Japanese manga series and its adaptation

Ghost Talker's Daydream, known in Japan as Vulgar Ghost Daydream (低俗霊DAYDREAM, Teizokurei Daydream), is a shōnen manga written by Saki Okuse and illustrated by Sankichi Meguro, set in modern Japan. There are 10 volumes in total, and the series was also adapted as a four episode OVA. The English version released by Geneon changed the title to Ghost Talker's Daydream, which is not a direct translation of the formal manga title.

The protagonist is the virgin albino woman Saiki Misaki holding down three jobs, none of which she finds herself particularly happy with; as a dominatrix in a BDSM club, as a writer of a column for a porno magazine, and as a civil servant in the employ of The Livelihood Preservation Group as a necromancer able to perceive and to communicate with ghosts, sometimes allowing them to speak through her with the living. Her government job usually entails exorcism. Misaki considers her shamanic civil service position even more tawdry and less respectable than her sex work.

Subplots are usually one or two chapters in length and tend to involve the introduction of new characters to help develop the motivations of the leads.

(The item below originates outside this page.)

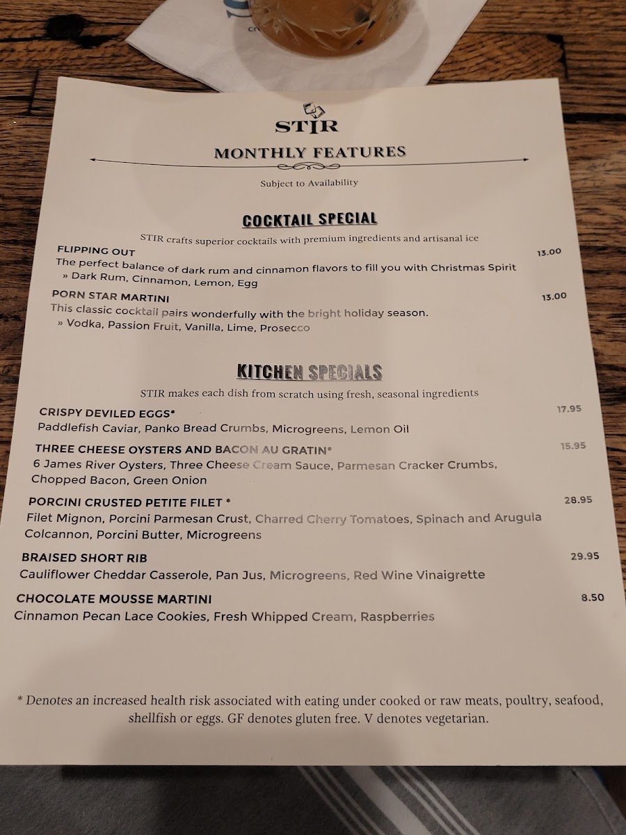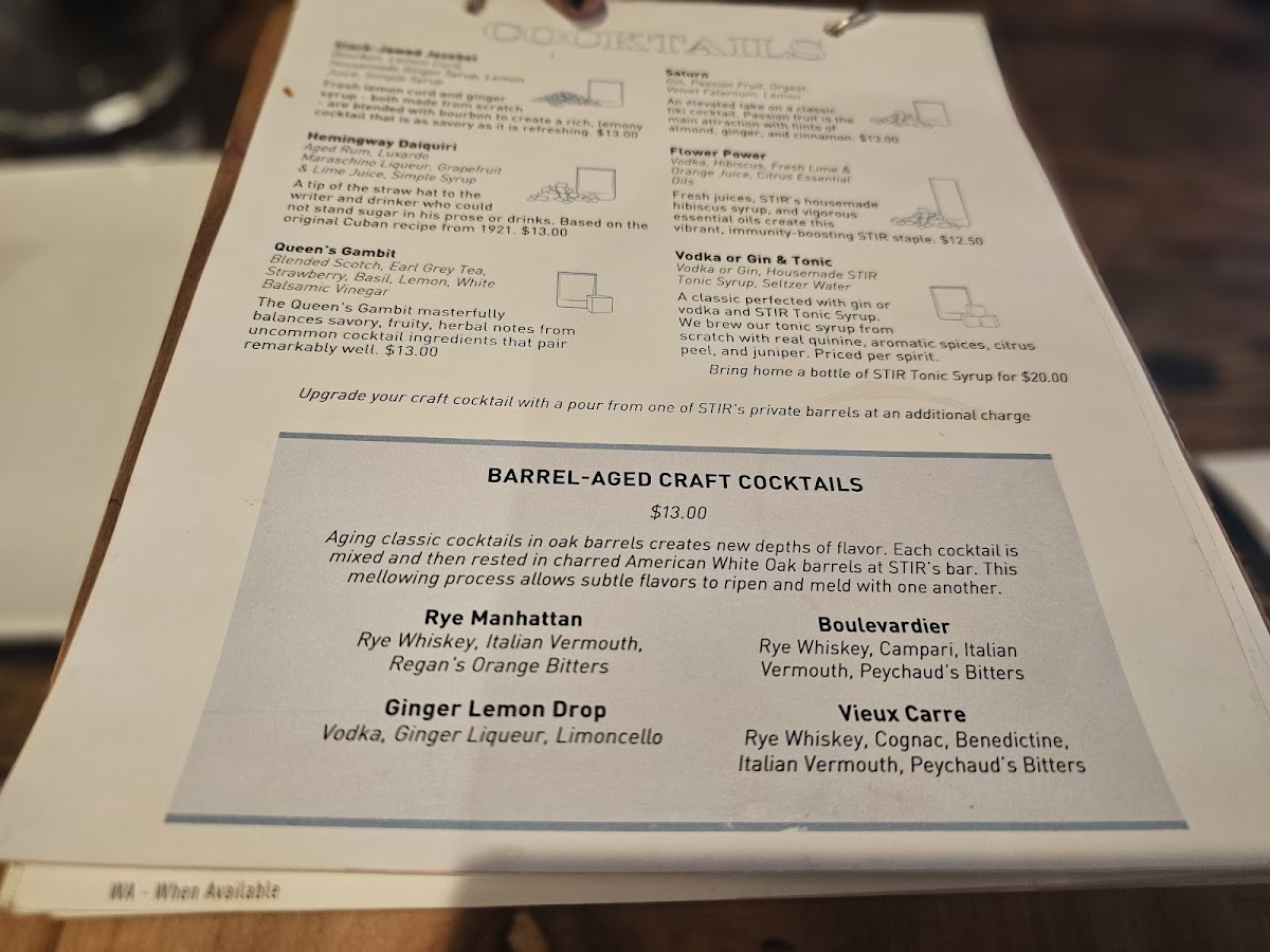 Various non-alcoholic drink options including Virgin Mojito, Virgin Bloody, and customizable mocktails.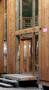 La envolvente (paredes, techos, entrepisos y aberturas) fue preconstruida totalmente en estructura de madera y montada en obra sobre pilotes de hormigón premoldeados.

There are three major characters, at least one of whom appears in every chapter with the exception of chapter 16 "Dead Man's Hand." In order of introduction they are: Saiki Misaki, Mitsuru and Souichirou. Various recurring and often important characters also populate the series.

Fan service, nudity and sexual themes are all integral to motivation and backstory, along with insight into Japanese suicide culture and sexual dysfunction with sexual and physical abuse, such carnal troubles of the soul from which even death may guarantee no release.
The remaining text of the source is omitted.